At first it just looked like another afternoon seeing the same boring crap we had stored in our basement for 38 years and only just managed to harangue silly people into relieving from our possession prior to our move to Bellingham.
But then, past the loft of worthless old wooden radios that hadn’t been touched in 28 years and didn’t work even then, over in the corner, past a pseudo wall of chotskies and whatchacallits, next to shelves of baseball mitts, Tinker Toys in their original cans and readerless books, there she sat! My October 16, 1958 step into human awareness and existence. There was my big, not quite as bright, still red, chrome laden, double headlight, jet taillight, full size, big boy, JC Higgens FLIGHTLINER!

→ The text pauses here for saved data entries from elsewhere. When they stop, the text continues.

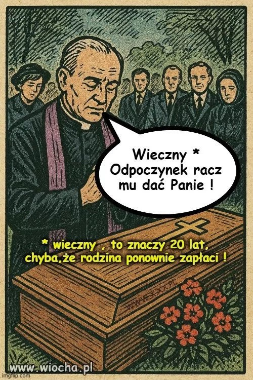 Nie rozumiem logiki katolików. Na pogrzebie smucą się, choć wierzą, że zmarły będzie zaraz u boku boga. Ksiądz gada wieczny odpoczynek, a ja myślałem że w raju będzie wieczne życie i wieczna radość, z wiecznego zdrowia i wiecznej miłości! A nie. Kościół sobie wymyśli czyściec, oczywiście nie za darmo! Czyli co? Chrystus kłamał na krzyżu? "Za prawdę powiadam Wam dziś jeszcze będziecie ze mną w raju...".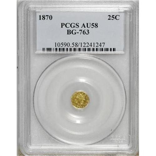 <B>1870 25C Liberty Octagonal 25 Cents, BG-763, Low R.4, AU58 PCGS.</B></I> . PCGS Population (23/73). NGC Census: (3/13). (#10590)<BR><BR><b>Shipping:</b> Coins & Currency (<a target="_blank" href="http://www.heritageauctions.com/common/shipping.php">view shipping information</a>)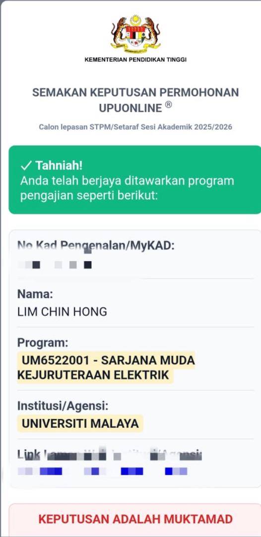 魏家祥今日发文透露,得知林敬鸿已成功被马来亚大学录取,并且进入他梦寐以求的电机工程系。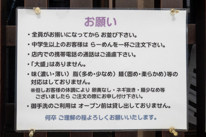 八王子小門町5-3 [地図] 電話番号非公開 11:00~15:00 (売り切れ終了) 月曜休 ※ ファストパスの予約が可能 [TableCheck] ・月曜 22:00から、翌週の予約ができる ・予約可能な時間は 10:30~14:30までの30分刻み ・予約可能な席は カウンタ2席・テーブル1席(2名分) カウンタ 4席、テーブル 2席×3 口頭による注文、前払い ⇒ 券売機による食券制に変わりました 駐車場なし、至近にコインPあり 2024/5/15 オープン 店主は、三井田浩一氏 大和ラーメン学校(大和製作所)出身 化学調味料未使用、自家製麺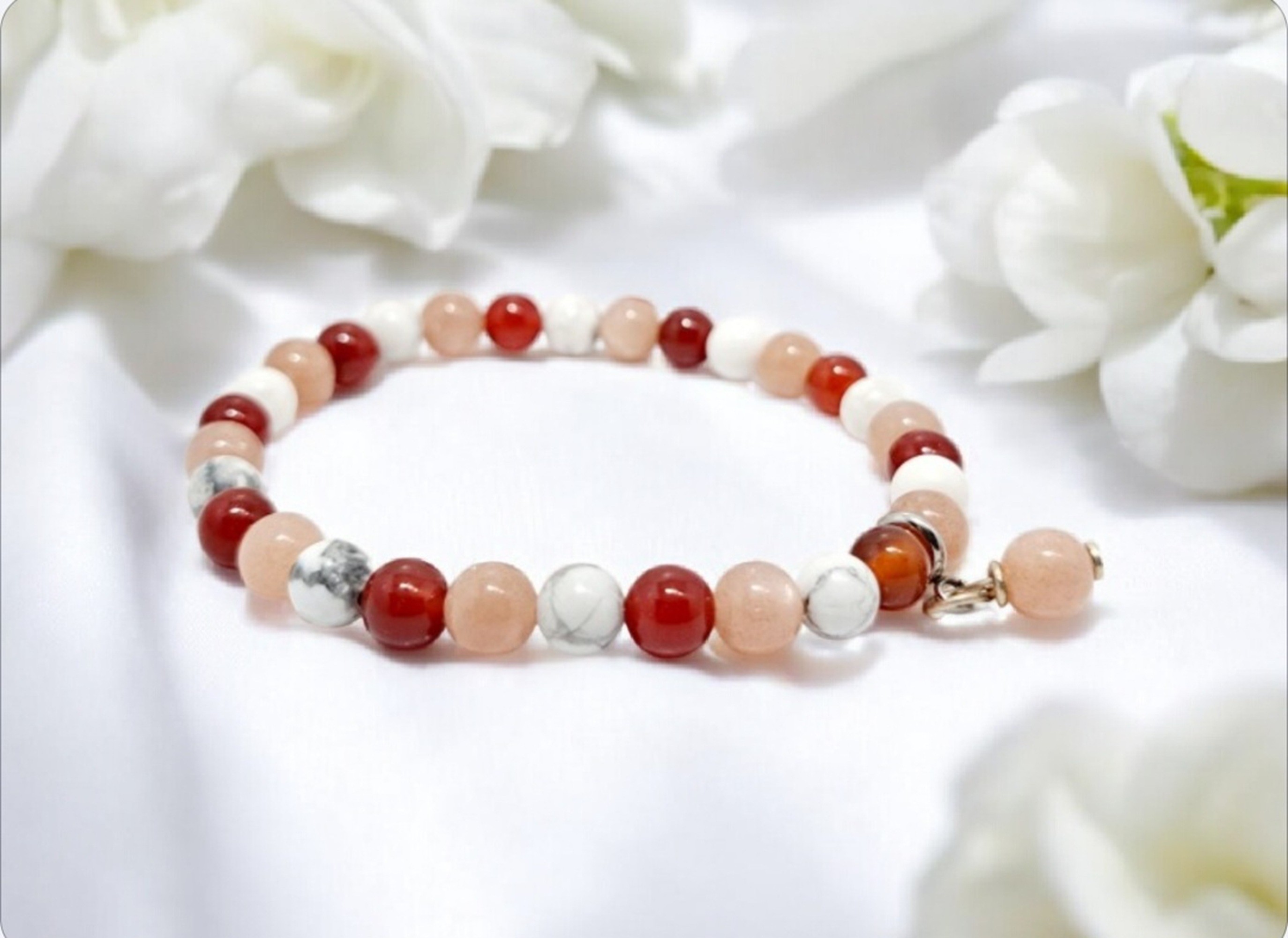 La pierre de soleil, la howlite et la cornaline forment une association pour tempérer l'impulsivité et les émotions.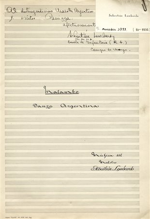 Lotto 910 Lombardo Sebastian, Malambo / Danza Argentina […]. Con dedica autografa al direttore d'orchestra Ettore Panizza.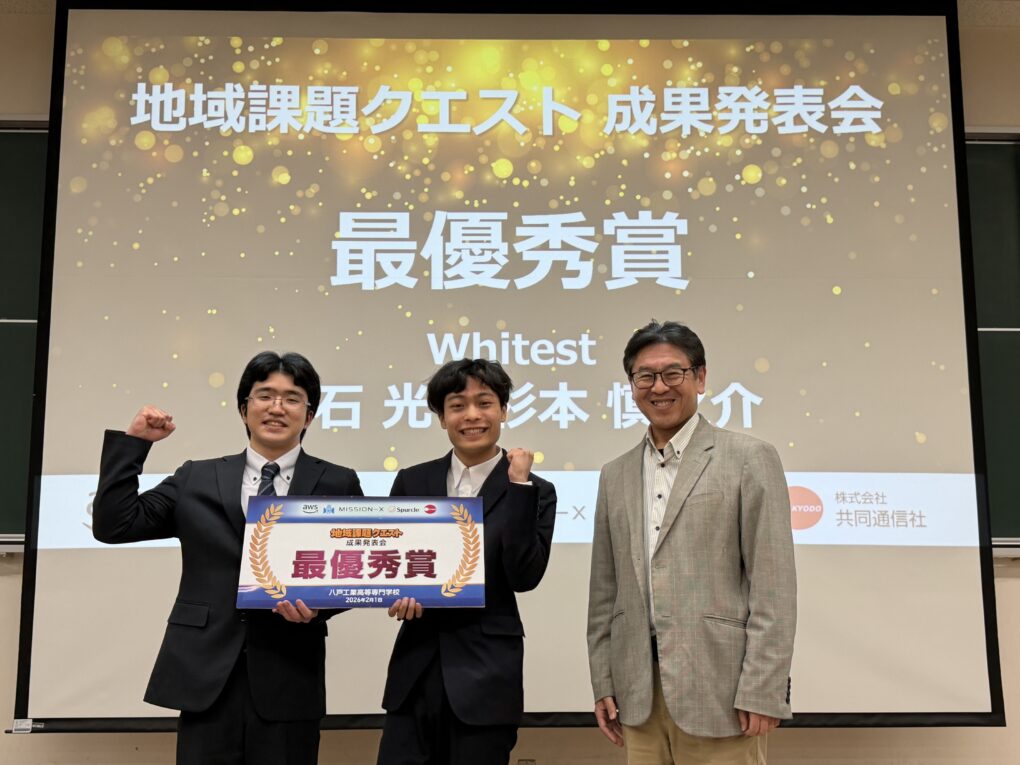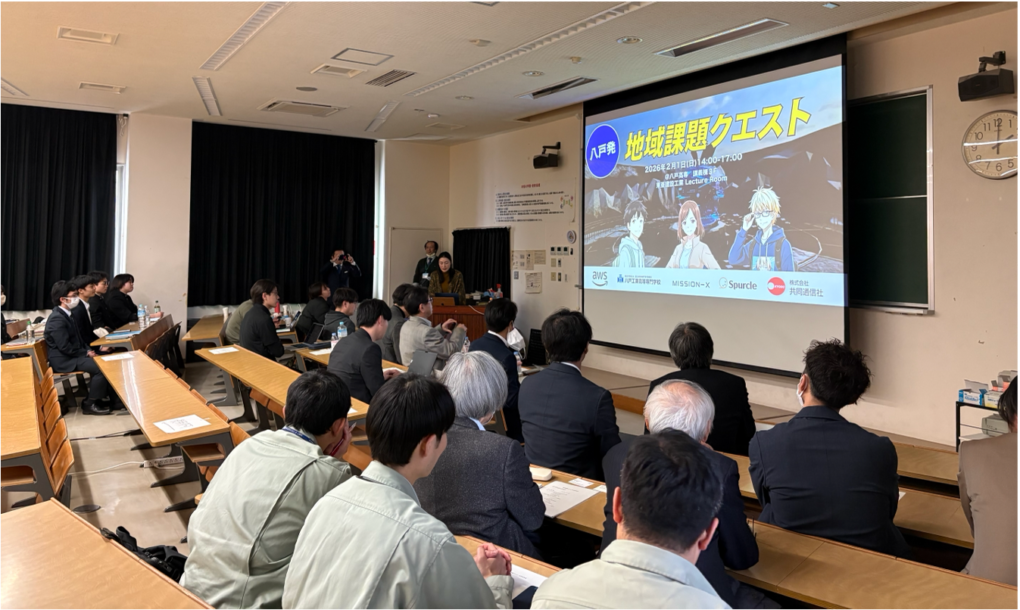 八戸高専で開催した「地域課題クエスト」成果発表会。参加者の学生の本質的な課題設定、テクノロジーを活用した解決策は、参加者の予想を超えるものでした。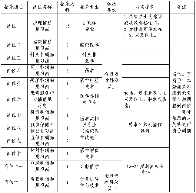 為響應(yīng)黨和國家的號召,加強對高校畢業(yè)生的培養(yǎng),盡快提高其工作能力,根據(jù)醫(yī)院工作需要,現(xiàn)擬面向社會公開招錄見習(xí)崗人員40名,現(xiàn)將有關(guān)事宜公告如下: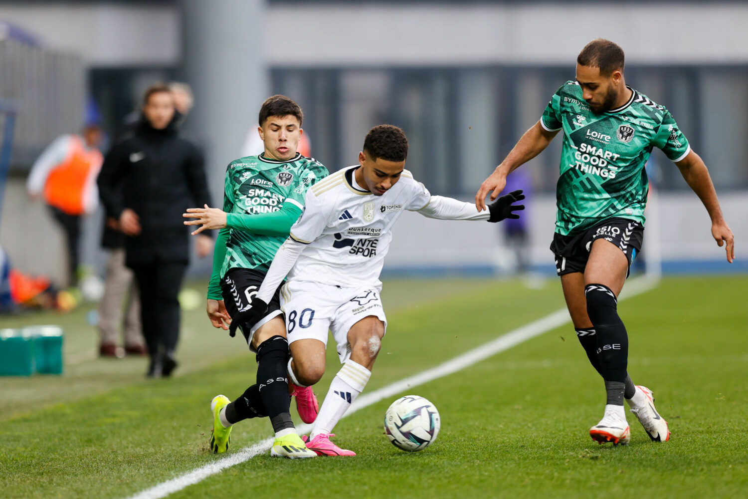 27 Yvann MACON (asse) - 80 Gessime YASSINE (usld) - 06 Benjamin BOUCHOUARI (asse) during the Ligue 2 BKT match between Union Sportive du Littoral de Dunkerque and Association Sportive de Saint-Etienne at Marcel Tribut Stadium on February 3, 2024 in Dunkerque, France. (Photo by Loic Baratoux/FEP/Icon Sport)

For those doubters and Missouri residents (yes, I know you’re out there telling everybody what a big, fat liar I am) just feast your eyes on the beast below. Eat your poor hearts out and sit there in utter awe and despair that you had to endure such mundane, deprived lives without a JC Higgens FLIGHTLINER anywhere in your sordid pasts.
My heart aches for each of you, but, NEENER, NEENER, NEENER!
Btw, those of you that just can’t go forward without your very own JC Higgens FLIGHTLINER, I think the price tag was in the range of a mere $ 575.00! Hurry down. Now that the story is out there is bound to be a stampede commensurate with the 1849 rush to the California gold fields.
Welcome to CW. Wonderful story, thanks for sharing. I live far south of you in South Hill Puyallup.